Ah, so you mean that the first of the three ints in the struct is an
element of an array of two ints, and of an array of three ints, at the
same time? But doesn't that mean that if I take a pointer to it and add
two, then dereferencing the result is both defined and undefined at the
same time? Actually, no: it violates a "shall" in 6.5.6p8, and
therefore it is undefined.
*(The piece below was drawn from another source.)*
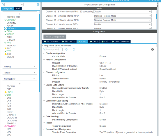 STM32U5 的 GPDMA (General-Purpose DMA) 是新一代高性能、全功能通用 DMA 控制器,专为复杂、高带宽、低功耗场景设计。它彻底重构了传统 DMA 架构,集成 DMAMUX + 支持链表 + 2D 寻址 + 双 AHB 端口 + 自主传输 ,是 STM32U5 性能与低功耗的核心支柱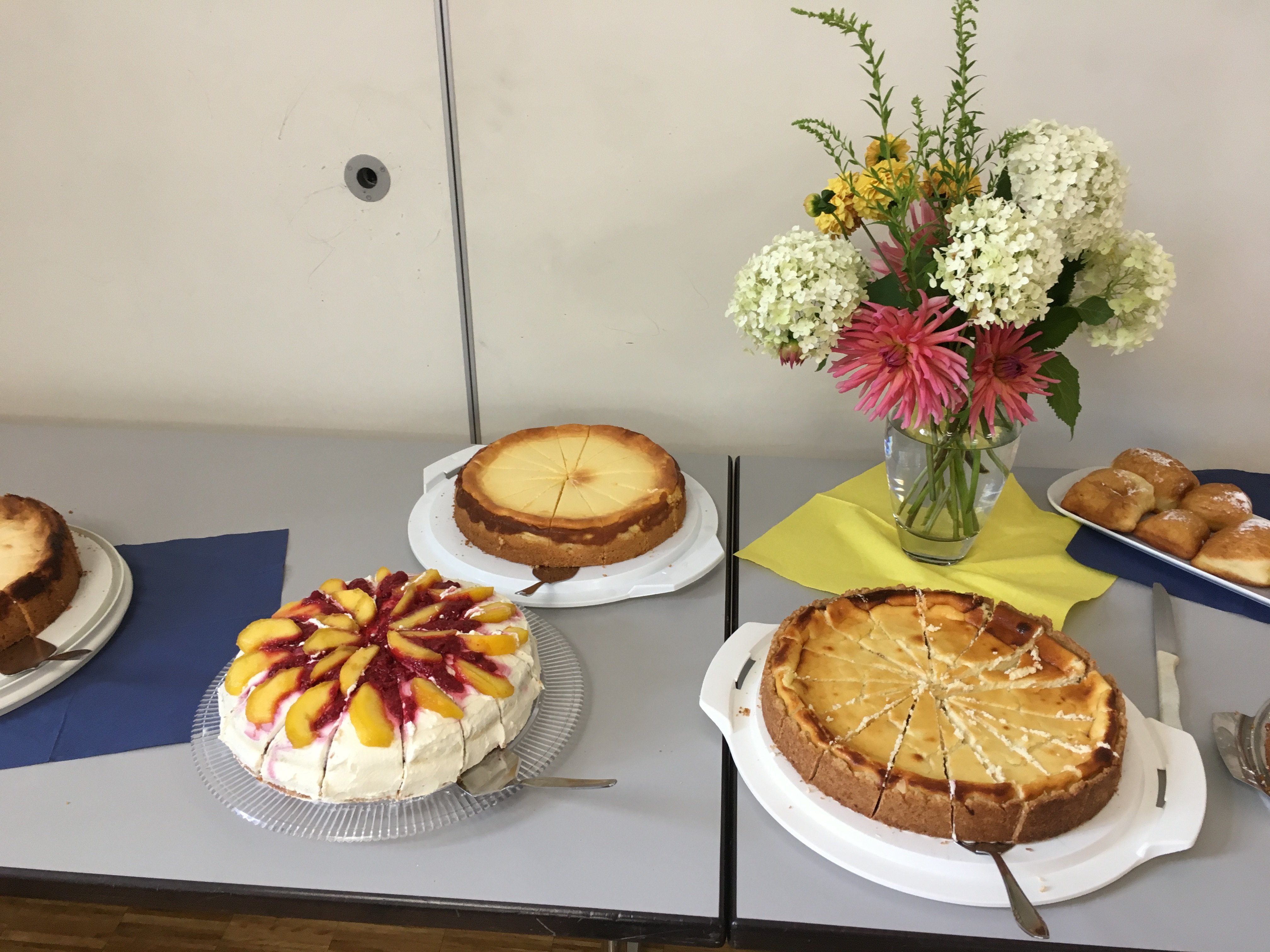 Zu schade zum Aufessen, zu schade zum nur Anschauen. Also dankte die Vorsitzende Johanna Drechsel den Kuchenbäckerinnen für das schöne und üppige Kuchenbuffet zum Sommerfest des Frauenbunds Schwabach. „Schau an der schönen Gärten Zier, und siehe, wie sie Dir und mir sich ausgeschmücket haben“, lobt schon Paul Gerhardt in seinem berühmten Sommerlied. und wie schon Eichendorff im Volkslied von den Lerchen meint „Was sollt’ ich nicht mit ihnen singen, mit voller Kehl und frischer Brust?“, so sangen alle tüchtig mit bei der Unterhalterin Elke Winkler mit ihrem Akkordeon, die musikalisch durch den Nachmittag unter dem Motto „So klingt’s bei uns“ führte. Es wurden viele Sommerlieder gesungen, geschunkelt, kleine Geschichten und Gedichte vorgetragen. Wer in der Zeit seit dem letzten Treffen der Schwabacherinnen Geburtstag gehabt hatte, dem wurde mit dem Kanon „Viel Glück und viel Segen“ gratuliert.

You're not going to agree with that, are you?...

Thomas Stegen <th***********@gmail.com> writes:

David Hopwood wrote:

Wojtek Lerch wrote:

I presume that this makes "struct { int a, b, c; }" an array type on most
implementations?

If there is no padding between the members, then yes, according to
6.2.5 #20
it is an array type as well as a structure type.

This seems to be an implementation dependent detail though. Relying on
it will make not a strictly conforming program make.

So it seems to me that according to the abstract machine, it is not an
array.

If it's correct that the struct is an array if there is no padding,
then I think the following is a strictly conforming program that
produces no output:

#include <stddef.h>
#include <stdio.h>

int main(void)
{
struct foo {
int a;
int b;
} struct_obj;
int ok = 1;
int *ptr = &struct_obj.a;

struct_obj.b = 12345;

if (offsetof(struct foo, b) == sizeof(int)) {
if (ptr[1] != 12345) {
ok = 0;
}
}

if (!ok) puts("Oops!");

return 0;
}

It can execute different statements depending on
implementation-defined behavior (whether there is padding between a
and b), but that doesn't affect the output, which is the criterion for
strict conformance.

On the other hand, if the struct cannot be treated as an array, the
evaluation of ptr[1] invokes undefined behavior and the program is not
strictly conforming.

--
Keith Thompson (The_Other_Keith) ks***@mib.org <http://www.ghoti.net/~kst>
San Diego Supercomputer Center <*> <http://users.sdsc.edu/~kst>
We must do something. This is something. Therefore, we must do this.

Da*****@cern.ch (Dan Pop) writes:
[...]

Nope. There is nothing magic about dynamically allocated memory. The
fact that the block of memory allocated by malloc is suitable to store
any C object that will fit in it is a direct consequence of another
property of that block, that is explicitly guaranteed by the standard:
the memory block is correctly aligned for any C object (whether it fits
inside or not).

Hmm. I'm beginning to think you're right.

C99 7.20.3p1 says:

The pointer returned if the allocation succeeds is suitably
aligned so that it may be assigned to a pointer to any type of
object and then used to access such an object or an array of such
objects in the space allocated (until the space is explicitly
deallocated).

The most obvious reading of this is, as Dan says, that the allocated
space can be used for any type of objects *because* it's suitably
aligned, not because of any additional magic. (Of course, there's an
additional requirement that the space has to allow read/write access.)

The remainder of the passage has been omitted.